2. DEFINITION AND ISSUANCE OF DIVIDEND RIGHT CERTIFICATE
Dividend right certificates; are securities that do not give their holders any shareholding rights, unlike share certificates, but only give the rights to participate in the net profit, the amount remaining as a result of the liquidation, or the right to purchase the newly issued shares. Dividend right certificate holders do not gain shareholders title just because they own these certificates, and they cannot benefit from shareholding rights other than the rights granted to them by the dividend right certificate.
Dividend right certificates are regulated in articles 502 and 503 of Turkish Commercial Code No. 6102 (“TCC”). Within the scope of these provisions, the general assembly; in accordance with the articles of association or by amending the articles of association, can decide to issue dividend right certificates in favor of (i) the owners of the shares whose value is destroyed in accordance with the law, (ii) the creditors or (iii) those related to the company for a similar reason. Dividend right certificates, including those issued for the founders, can be promissory or bearer.
It should be stated that dividend right certificates are bonds that only provide some property rights to its owners and unlike the share certificates, they do not represent any shares in the company and do not provide any shareholding rights. In this respect, this bond does not give its owner any property, management, audit and information rights. However, it provides the right to participate in the net profit or liquidation balance.
Dividend right certificates are divided into three groups as founder’s dividend right certificate, ordinary dividend right certificate and participation dividend right certificate. Namely;
- Founder’s dividend right certificates can only be issued on behalf of the founding partners of the company, provided that it was specified in the articles of association. Therefore, it is not possible to issue a founder’s dividend certificate with the amendment of the articles of association after the establishment.
- Ordinary dividend right certificates can be issued by the general assembly of the company in accordance with the articles of association or, in the absence of a provision in the articles of association, by amending the articles of association.
- Participation dividend right certificates unlike other types of dividend right certificates, were regulated in the Capital Markets Law’s Former Communiqué on Principles Regarding the Issuance of Participation Dividend Right Certificates. Today, it is defined as share-like securities issued to be sold for cash within the scope of the VII-128.1 Communiqué on Shares in force.
Relationship between founder’s dividend right certificates holders and the joint stock company is not related to partnership, but a contractual relationship. In other words, the titles of founder’s dividend right certificates holders and shareholders are two completely different entities in a joint stock company. Therefore, it is not possible for a joint stock company to abolish, amortize or limit the founder’s dividend right certificates through a joint transaction without the consent of the founders, since as a rule, it is not possible to abolish a contractual relationship with the unilateral declaration of one of the parties.
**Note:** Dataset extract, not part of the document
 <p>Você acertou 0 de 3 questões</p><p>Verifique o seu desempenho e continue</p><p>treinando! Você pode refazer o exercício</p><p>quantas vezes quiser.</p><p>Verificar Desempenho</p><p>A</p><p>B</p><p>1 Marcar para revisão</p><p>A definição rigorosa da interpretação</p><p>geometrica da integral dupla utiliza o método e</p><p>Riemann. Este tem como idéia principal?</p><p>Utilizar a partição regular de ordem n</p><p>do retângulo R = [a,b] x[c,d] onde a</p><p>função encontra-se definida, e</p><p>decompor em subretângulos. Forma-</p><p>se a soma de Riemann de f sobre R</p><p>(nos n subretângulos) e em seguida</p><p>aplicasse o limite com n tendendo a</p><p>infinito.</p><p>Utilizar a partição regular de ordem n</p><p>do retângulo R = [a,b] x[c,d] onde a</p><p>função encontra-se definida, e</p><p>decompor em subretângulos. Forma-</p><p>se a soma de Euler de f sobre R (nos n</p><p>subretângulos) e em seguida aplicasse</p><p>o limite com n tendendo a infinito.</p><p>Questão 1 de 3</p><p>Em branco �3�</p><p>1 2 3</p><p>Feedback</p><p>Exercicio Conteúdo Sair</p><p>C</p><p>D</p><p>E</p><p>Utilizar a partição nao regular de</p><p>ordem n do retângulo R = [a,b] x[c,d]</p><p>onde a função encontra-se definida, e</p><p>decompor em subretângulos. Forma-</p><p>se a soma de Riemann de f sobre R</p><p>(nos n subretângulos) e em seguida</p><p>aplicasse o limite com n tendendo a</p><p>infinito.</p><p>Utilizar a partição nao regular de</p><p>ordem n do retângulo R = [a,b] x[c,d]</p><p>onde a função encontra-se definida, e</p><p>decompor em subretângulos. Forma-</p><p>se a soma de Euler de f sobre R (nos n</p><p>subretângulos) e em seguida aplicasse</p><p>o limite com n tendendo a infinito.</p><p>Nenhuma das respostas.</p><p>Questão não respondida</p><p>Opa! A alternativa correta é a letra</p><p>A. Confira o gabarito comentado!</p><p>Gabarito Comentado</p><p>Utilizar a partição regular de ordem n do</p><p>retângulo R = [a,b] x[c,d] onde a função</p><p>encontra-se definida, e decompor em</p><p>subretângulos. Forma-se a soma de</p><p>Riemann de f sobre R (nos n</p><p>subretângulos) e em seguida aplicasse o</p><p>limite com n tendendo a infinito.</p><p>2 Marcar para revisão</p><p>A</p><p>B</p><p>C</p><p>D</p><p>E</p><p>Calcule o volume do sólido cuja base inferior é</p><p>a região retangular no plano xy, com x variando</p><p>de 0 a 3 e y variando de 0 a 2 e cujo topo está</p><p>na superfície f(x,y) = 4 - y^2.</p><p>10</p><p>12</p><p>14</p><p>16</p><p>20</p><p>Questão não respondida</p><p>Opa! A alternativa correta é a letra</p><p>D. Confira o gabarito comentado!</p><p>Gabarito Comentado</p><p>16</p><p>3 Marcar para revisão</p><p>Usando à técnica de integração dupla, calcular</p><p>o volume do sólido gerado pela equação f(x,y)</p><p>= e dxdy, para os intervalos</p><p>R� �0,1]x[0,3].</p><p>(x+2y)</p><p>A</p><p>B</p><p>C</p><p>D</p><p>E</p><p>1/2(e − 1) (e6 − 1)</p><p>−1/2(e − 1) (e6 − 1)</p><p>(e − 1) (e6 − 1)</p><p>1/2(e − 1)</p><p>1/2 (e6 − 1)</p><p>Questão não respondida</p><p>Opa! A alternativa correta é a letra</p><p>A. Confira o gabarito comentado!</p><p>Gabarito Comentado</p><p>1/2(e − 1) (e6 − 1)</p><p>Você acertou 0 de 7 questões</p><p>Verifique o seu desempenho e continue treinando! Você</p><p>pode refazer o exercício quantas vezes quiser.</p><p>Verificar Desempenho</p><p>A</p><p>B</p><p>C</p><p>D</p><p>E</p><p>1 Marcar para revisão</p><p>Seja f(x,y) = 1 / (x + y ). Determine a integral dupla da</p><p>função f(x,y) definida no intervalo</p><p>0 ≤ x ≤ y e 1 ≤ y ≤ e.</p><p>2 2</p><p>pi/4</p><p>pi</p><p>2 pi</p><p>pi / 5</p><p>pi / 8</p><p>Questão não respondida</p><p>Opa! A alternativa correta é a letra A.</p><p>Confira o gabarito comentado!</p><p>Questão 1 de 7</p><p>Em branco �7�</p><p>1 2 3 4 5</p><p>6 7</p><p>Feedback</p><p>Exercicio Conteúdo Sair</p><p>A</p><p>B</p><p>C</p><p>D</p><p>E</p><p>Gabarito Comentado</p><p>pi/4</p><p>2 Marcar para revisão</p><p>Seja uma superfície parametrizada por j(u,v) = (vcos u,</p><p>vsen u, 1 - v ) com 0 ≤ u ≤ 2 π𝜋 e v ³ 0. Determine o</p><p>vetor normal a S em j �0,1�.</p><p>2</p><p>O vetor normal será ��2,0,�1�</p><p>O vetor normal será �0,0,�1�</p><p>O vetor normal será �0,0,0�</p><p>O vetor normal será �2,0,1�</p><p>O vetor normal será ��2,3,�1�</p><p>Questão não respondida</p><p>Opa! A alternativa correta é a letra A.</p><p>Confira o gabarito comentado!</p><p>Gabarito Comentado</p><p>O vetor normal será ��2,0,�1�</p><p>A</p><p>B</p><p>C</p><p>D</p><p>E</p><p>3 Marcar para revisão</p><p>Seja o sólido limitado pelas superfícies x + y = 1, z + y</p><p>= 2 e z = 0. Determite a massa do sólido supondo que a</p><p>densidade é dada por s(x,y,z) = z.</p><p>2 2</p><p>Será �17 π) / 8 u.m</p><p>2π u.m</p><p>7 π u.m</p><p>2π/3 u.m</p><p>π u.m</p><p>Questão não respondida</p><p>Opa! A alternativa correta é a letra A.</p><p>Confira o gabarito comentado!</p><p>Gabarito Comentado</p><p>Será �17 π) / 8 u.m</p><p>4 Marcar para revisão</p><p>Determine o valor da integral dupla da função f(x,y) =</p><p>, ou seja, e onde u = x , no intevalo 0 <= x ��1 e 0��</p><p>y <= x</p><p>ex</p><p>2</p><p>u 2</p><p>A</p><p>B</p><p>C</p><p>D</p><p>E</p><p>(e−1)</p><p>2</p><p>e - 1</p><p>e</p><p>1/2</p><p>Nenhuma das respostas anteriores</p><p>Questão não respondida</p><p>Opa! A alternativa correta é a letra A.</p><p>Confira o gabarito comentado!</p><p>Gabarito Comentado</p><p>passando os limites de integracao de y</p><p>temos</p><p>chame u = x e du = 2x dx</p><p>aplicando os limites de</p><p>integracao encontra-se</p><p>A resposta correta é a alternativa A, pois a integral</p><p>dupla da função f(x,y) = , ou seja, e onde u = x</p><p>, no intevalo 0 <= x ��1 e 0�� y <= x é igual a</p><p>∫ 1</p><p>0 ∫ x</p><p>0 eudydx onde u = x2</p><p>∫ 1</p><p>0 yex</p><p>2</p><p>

Since founder’s dividend right certificates holders are completely outside the joint stock company and are in the position of third parties for the joint stock company. 
It is stated that the provisions of article 348 of the TCC, from the article 502 reference, will be applied to the dividend right certificate holders. According to this article, the payments to be made to the holders of dividend right certificates can be made as a maximum of one tenth of the remaining from distributable profit after the reserve fund stipulated in the law and a five percent dividend for the shareholders has been drawn apart.
Dividend right certificate may restrict the shareholders’ right to receive a share of the profits. This restriction is in question for the second dividend distribution since the dividend rights certificate holders do not have the right to the first dividend payable to the shareholders at the rate of 5% of the paid-in capital, since they do not have any shares in the capital. For this reason, in the articles of association or in the general assembly resolution regarding the issuance of dividend rights certificate, it should be determined that at what rate the holders of dividend rights certificate will receive the profit in the second distribution. In the contract between dividend right certificate holders and joint stock companies, their profit utilization rate can be freely determined. Point to be taken into consideration here, when making arrangements with the contract is that the essence of the right to dividend should not be touched. 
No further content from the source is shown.